THE SEC wants to find out whether Ripple executives live off their XRP sales.
The U.S. Securities and Exchange Commission wants to know whether the proceeds from XRP sales are a major source of income for Ripple Labs CEO Brad Garlinghouse and co-founder Chris Larsen.
In a letter to Judge Sarah Netburn, the SEC’s senior trial attorney Jorge G. Tenreiro writes that the agency has obtained evidence that Larsen “appears to continue moving” his XRP in spite of legal scrutiny.
Tenreiro claims that the defendants’ financial condition is of critical importance to the case.
By obtaining the bank records of Larsen and Garlinghouse, it will be possible to de-anonymize their XRP transactions and determine “the whole universe” of their sales:
Without the bank records, the SEC would have to take Individual Defendants at their word, particularly as the SEC has already had to “manually” trace the Individual Defendants’ transactions since they last provided data, with no guarantee that the SEC has been able to identify the complete universe of their sales and blockchain movements of XRP.
In its landmark lawsuit against Ripple, the agency alleges that Garlinghouse and Larsen netted $159 million and $450 million, respectively, in proceeds from their XRP sales.
However, since XRP transactions are pseudonymous, the defendants’ could have pocketed much more.
The SEC is not interested in Ripple executives’ grocery purchases
Earlier this month, the SEC served subpoenas to some of the executives’ banks it has so far managed to identify.
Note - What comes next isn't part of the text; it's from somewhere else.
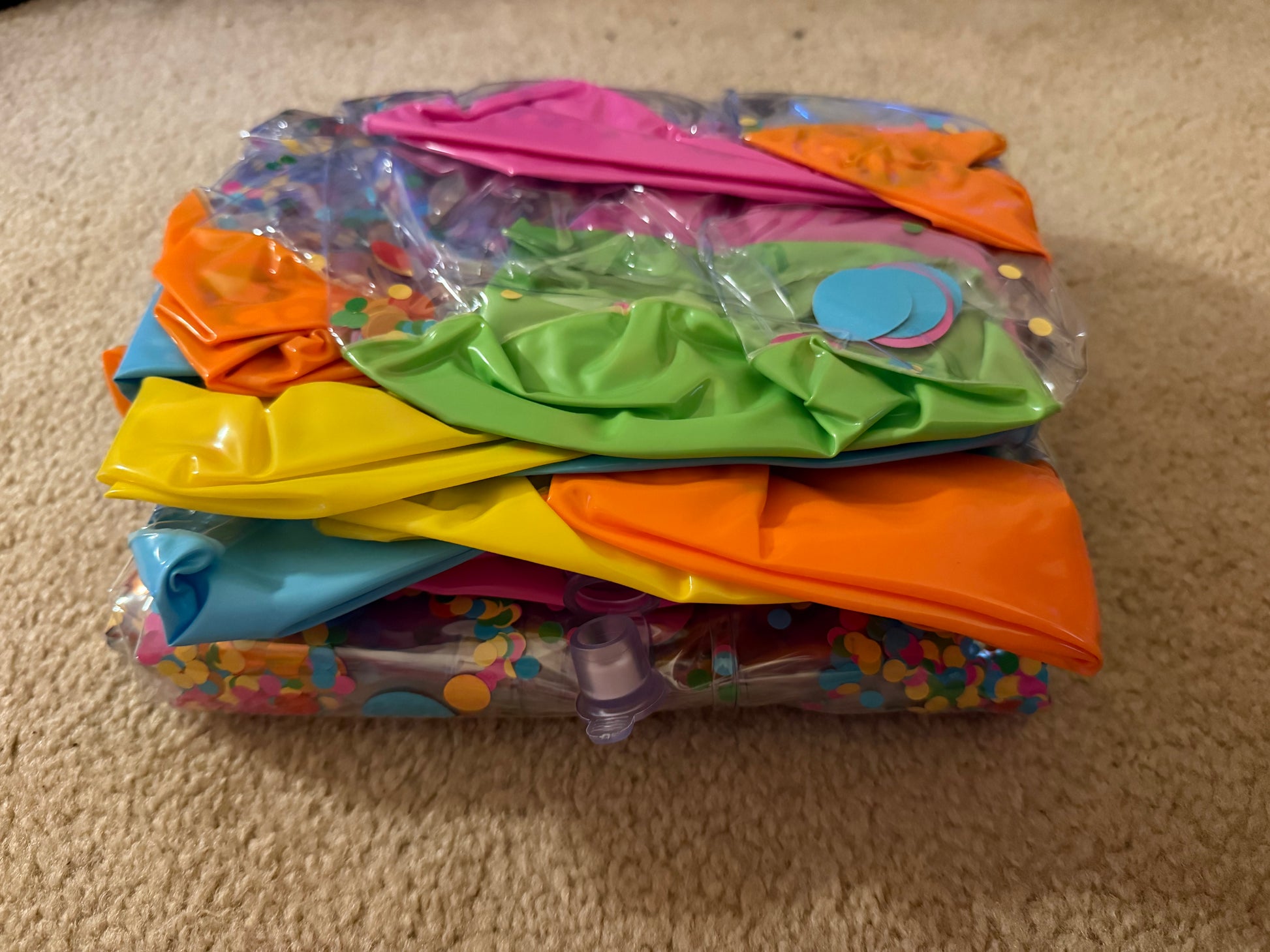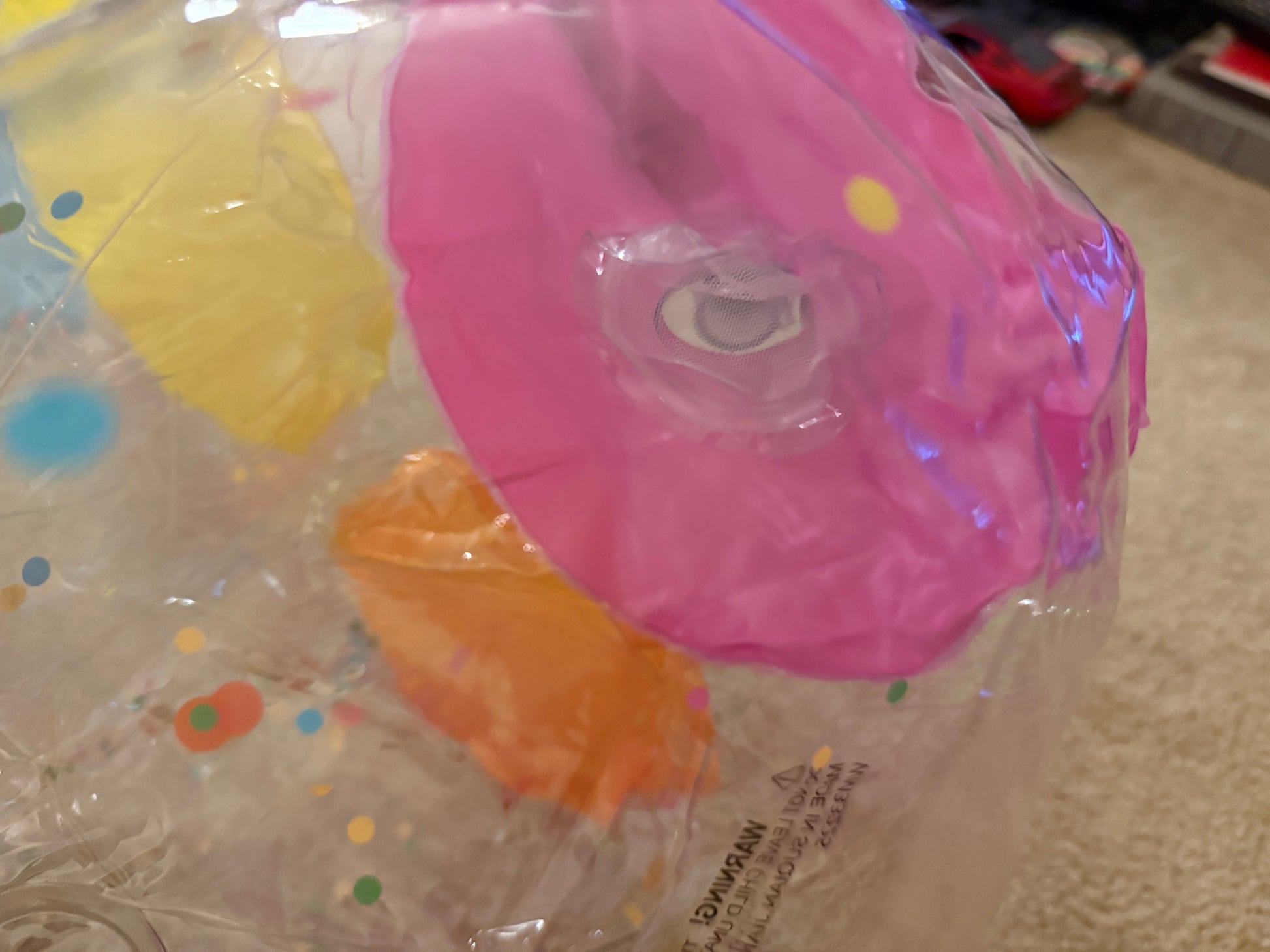 Soft material in clear with confetti and unique new inflation screen on a custom-esq toy valve. Luxury style like sunnylife’s version except smaller.

As reported by U.Today, Larsen and Garlinghouse then asked the judge to quash these subpoenas, stating that the executives’ grocery purchases are not relevant to the case.
Yet, Tenreiro writes that the SEC takes no interest in the defendant’s financial affairs apart from determining how important XRP sales were to their income:
The SEC agreed to narrow the Requests to documents sufficient to show Individual Defendants’ financial condition at the time of their receipt and sales of XRP—which does not appear in Individual Defendants’ Letter.